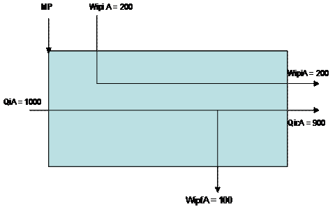 Conviene, nel secondo reparto, data la logica FIFO, lasciare separati i due flussi di WipiA e di QicA, che sono trasferiti al secondo reparto così come sono completati nel primo reparto.
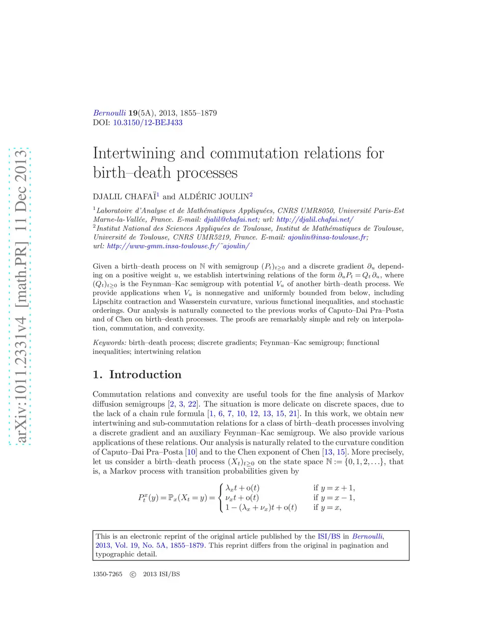 Given a birth-death process on with semigroup and a discrete gradient depending on a positive weight , we establish intertwining relations of the form , where is the Feynman-Kac semigroup with potential of another birth-death process. We provide applications when is nonnegative and uniformly bounded from below, including Lipschitz contraction and Wasserstein curvature, various functional inequalities, and stochastic orderings. Our analysis is naturally connected to the previous works of Caputo-Dai Pra-Posta and of Chen on birth-death processes. The proofs are remarkably simple and rely on interpolation, commutation, and convexity.
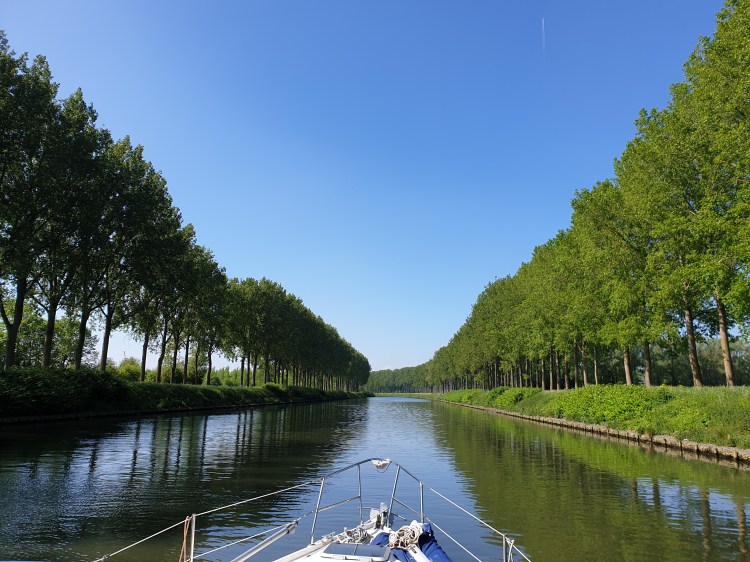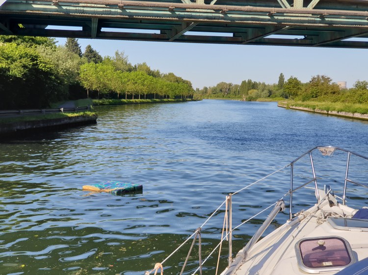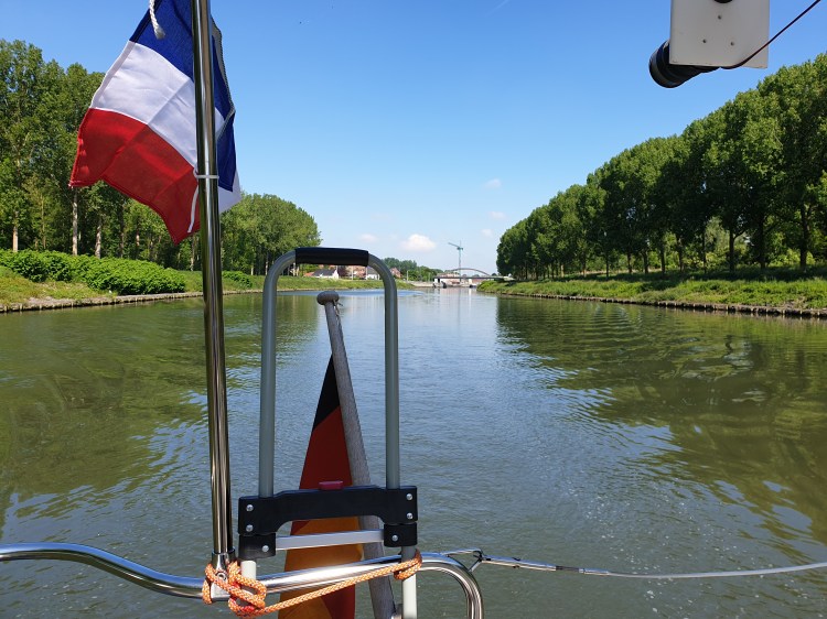 Von Peronnes in Belgien gings dann endlich Richtung Süden auf die Escaut (Schelde). Nach wenigen Kilometern kam ein altes vergammeltes ehemaliges Zollhäuschen in Sicht und ich hängte die französische Flagge auf. Es ist hier ein typischer Transportkanal, mit etwa 2-3 Schiffsbegegnungen pro Stunde. Keine Sportboote, nur Frachter. Entgegen meinen Befürchtungen hat hier die Schelde nur eine sehr geringe Gegenströmung, geschätzt um 1 km/h. Nach knapp 50 km gings es nach rechts in den canal de la Sensee, auf dem es sich in etwa so fährt wie auf der Schelde.
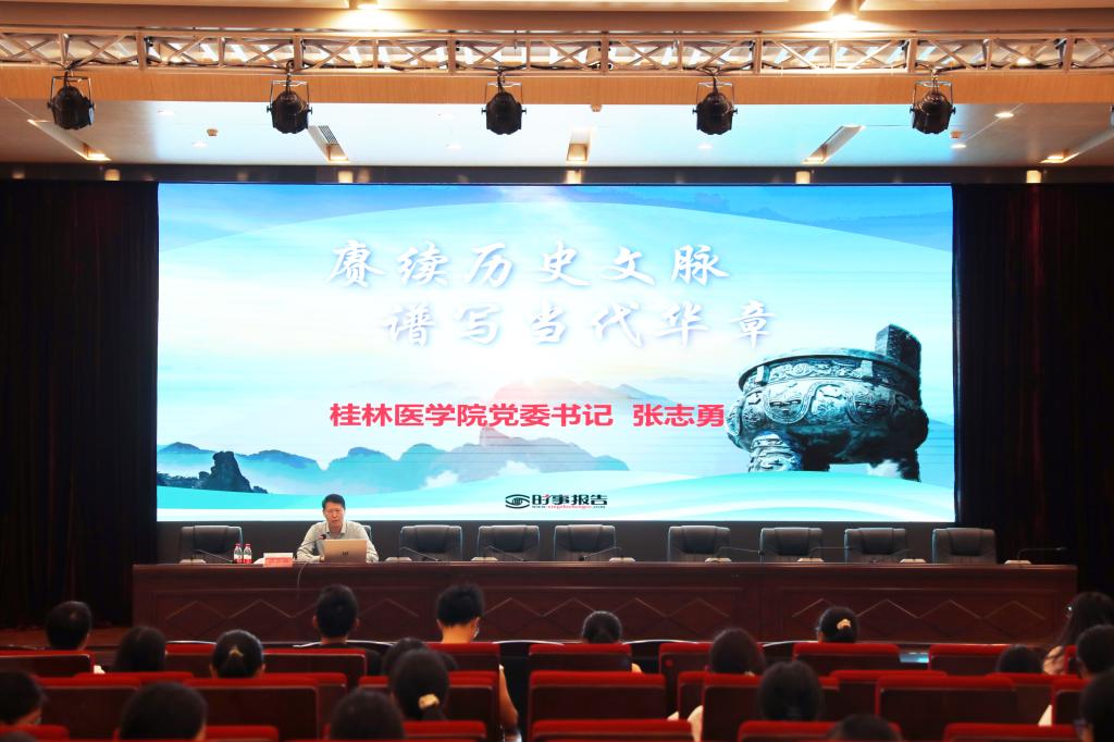 10月19日上午,掌声在临桂校区教学北楼多功能报告厅频频响起,校党委书记张志勇正在为2023级临床医学专业、2023级公共事业管理类专业的本科生讲授思想政治理论课。
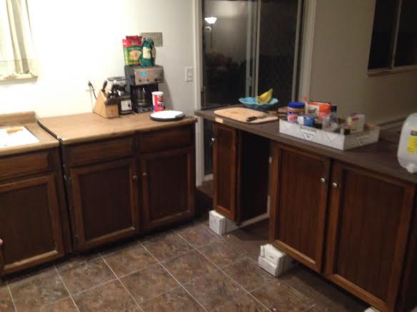 To give you an idea of the work we still need to do, we are using the old kitchen cabinets with a door glued to the top as our kitchen counters. It may not be pretty, but it is extremely functional.
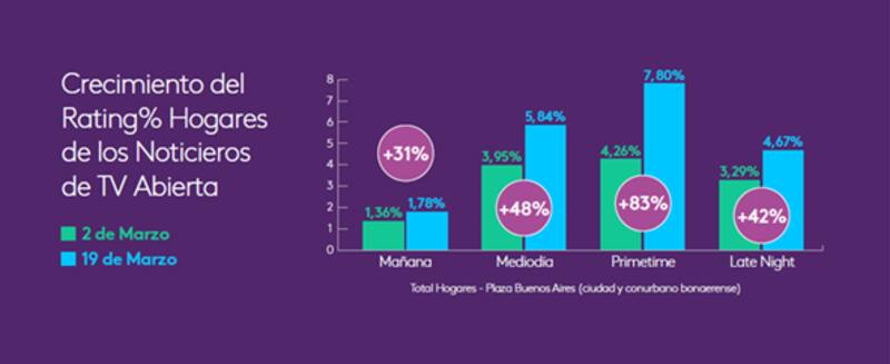 Por su parte, Dario Turovelzky, director general de ViacomCBS Cono Sur y VP senior de contenidos globales, que cuenta entre sus activos con Telefé, explicó "El contexto actual genera un mayor consumo de contenido y eso lo vemos en el rendimiento que están teniendo todas nuestras señales". "En línea con la tendencia positiva en nuestra performance desde comienzo de año, las últimas seis semanas tuvimos un crecimiento sostenido de audiencia, con una fuerte incidencia de los programas periodísticos. La agilidad para conectarnos con las necesidades de nuestros públicos, la buena performance de nuestras redes sociales y los programas de entretenimiento demuestran el incremento en la llegada al público joven adulto".
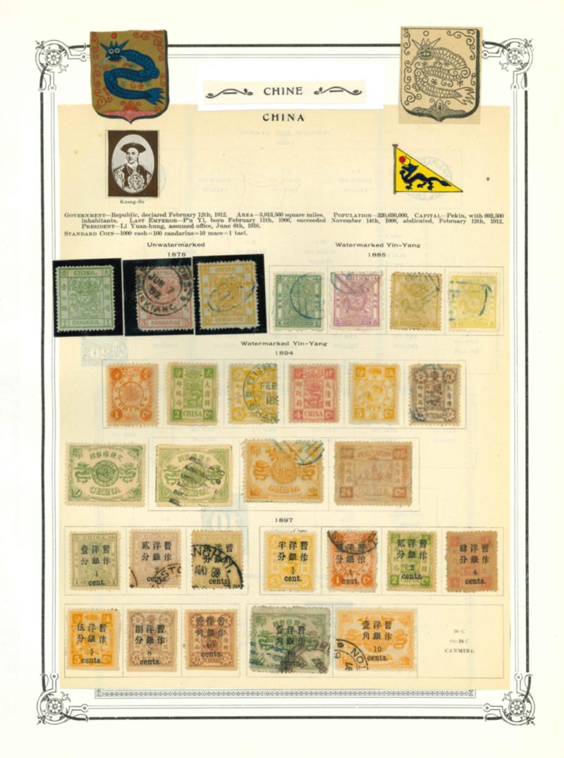 1878-1939 collection in Timbres-Poste printed album with early issues used including 1878-83 Large Dragon 1ca, plus 3ca and 5ca (perf faults), 1885-88 Small Dragons 1ca, 3ca and 5ca, with 1894 Birthday set to 24ca. A range of 1897 surcharges mint and used to 10c, with 1897 Red Revenues surcharged 1c on 3c, 2c on 3c (both types) mint, 4c on 3c unused, 1898 Imperial Chinese Post mostly used to $1 ($5 unused) and Chinese Imperial Post to $2 used. From 1912 onwards we note the Republic $1 mint, 1923 definitives to $20 used, 1928 Assumption set mint, 1932 Expedition set used, then Postage Dues with 1904 opt set mint and set to 30c used. A fine section from the various Provinces follows, mostly mint, with Manchuria including the 1928/9 sets, Szechwan 1933/4 complete, Sinkiang with 1915/16 to $1, 1928 set, 1929 Unification and 1933 Memorial sets, Yunan with 1929, 1933 Memorial and Martyrs sets. Thereafter, Japanese Pos mostly used (1900 Wedding mint) and Russian POs, a very useful range of around 140 from Shanghai with 1866 12ca mint then a fine assembly of mint, some used, surcharges, perf types etc. Finally, Manchukuo with plenty of decent mint issues (1936 to 1y etc). A superb collection. (Image)
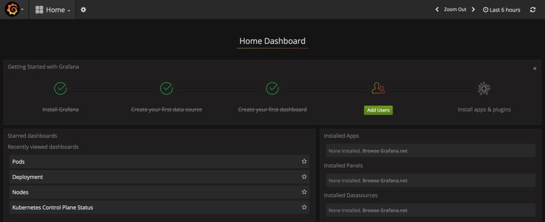 Grafana 的 DataSource 和 Dashboard 已自动配置。点击 Home
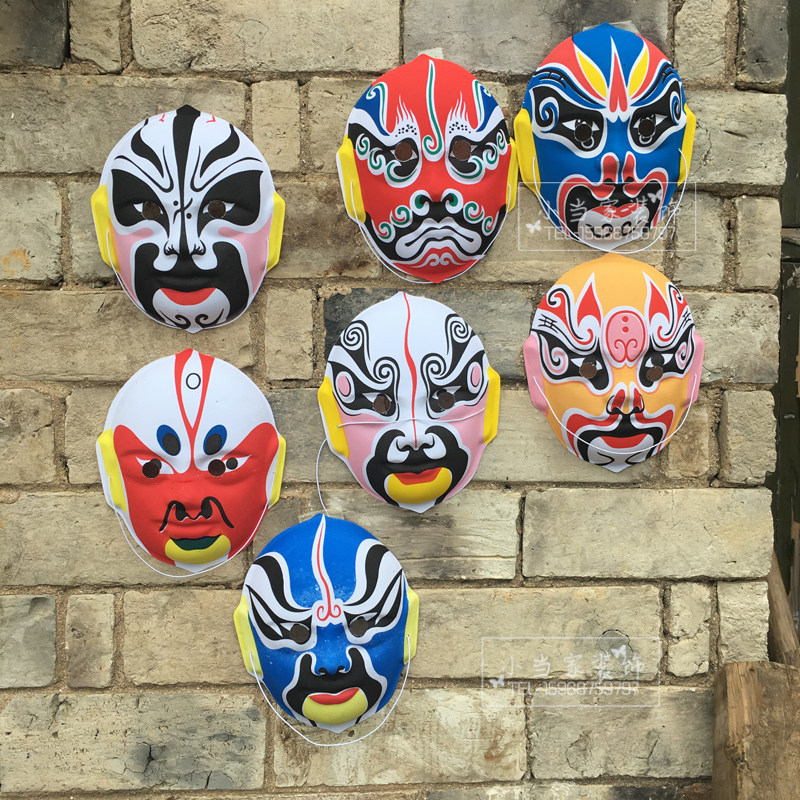Kindergarten blue and white porcelain Chinese wall decoration classroom corridor hanging decoration Peking Opera facial makeup creative background cloth pad decoration
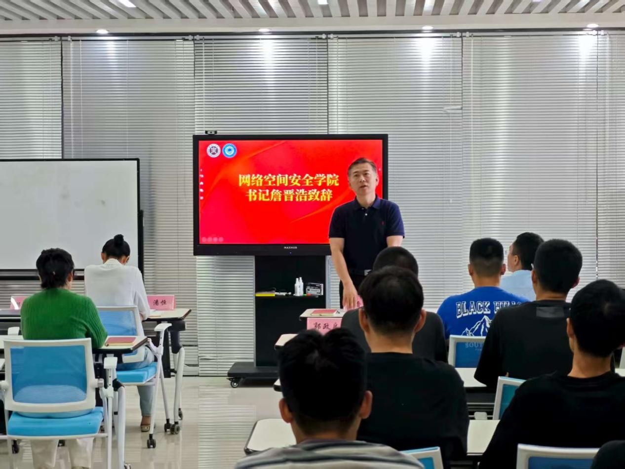 会议伊始,学院党总支书记詹晋浩代表学院致欢迎辞。他向新生表达了热烈的欢迎与殷切的期望,希望大家珍惜研究生阶段的宝贵时光,树立远大理想,培养责任担当,在网络安全领域书写青春篇章。
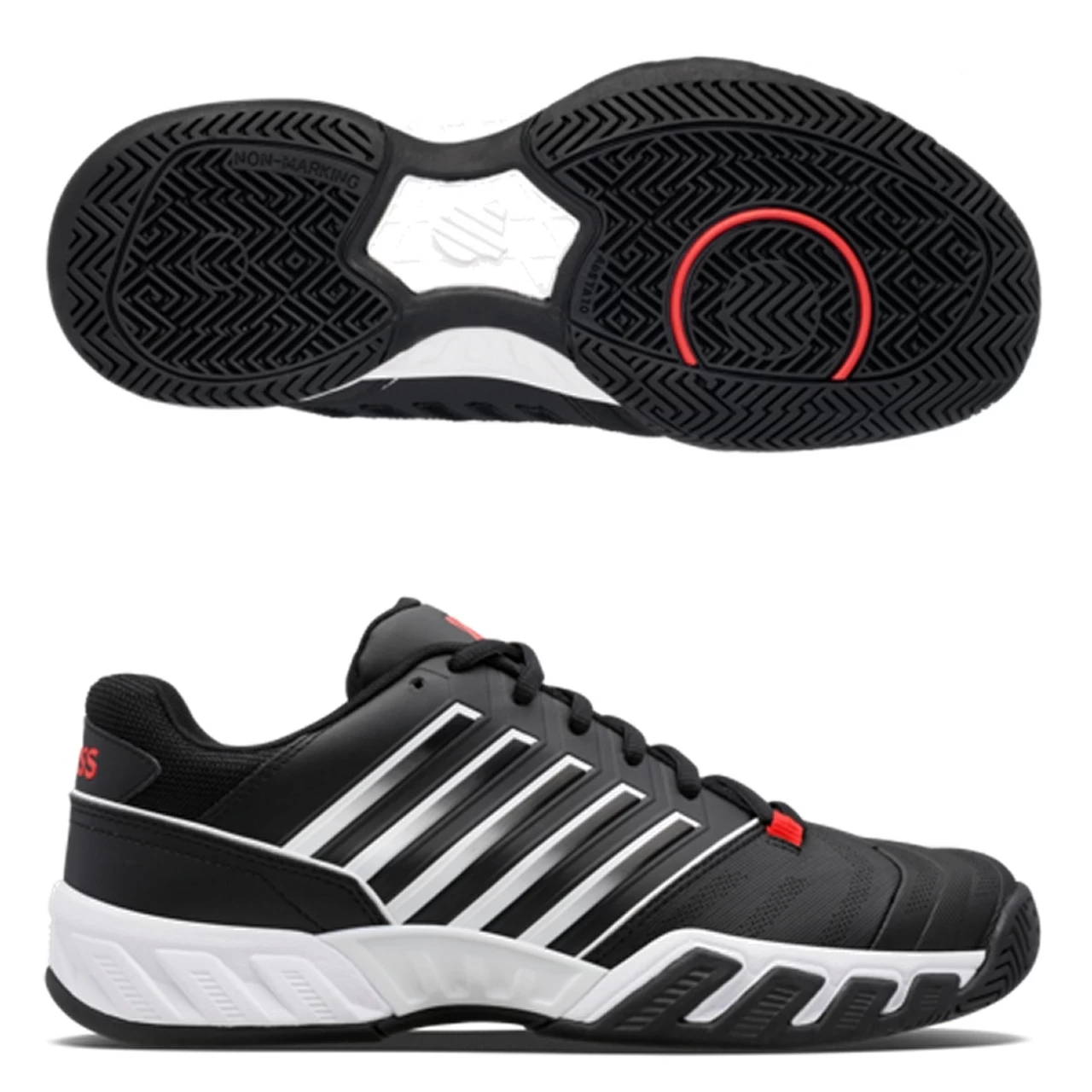 The K-Swiss Bigshot Light 4 Men’s court shoe is the latest version in the “Bigshot” line. Â This shoe combines a super stable upper with a wider forefoot and narrower heel for a custom type fit that accommodates many of our players!

- - -

§ **AIM OF THE EXERCISE**
Everything from the line with "Grafana 的 DataSource" through the end of the records is to be repeated exactly. The pictures are not.

§ **OUTPUT FOR THIS EXERCISE**
 Grafana 的 DataSource 和 Dashboard 已自动配置。点击 Home
Kindergarten blue and white porcelain Chinese wall decoration classroom corridor hanging decoration Peking Opera facial makeup creative background cloth pad decoration
 会议伊始,学院党总支书记詹晋浩代表学院致欢迎辞。他向新生表达了热烈的欢迎与殷切的期望,希望大家珍惜研究生阶段的宝贵时光,树立远大理想,培养责任担当,在网络安全领域书写青春篇章。
 The K-Swiss Bigshot Light 4 Men’s court shoe is the latest version in the “Bigshot” line. Â This shoe combines a super stable upper with a wider forefoot and narrower heel for a custom type fit that accommodates many of our players!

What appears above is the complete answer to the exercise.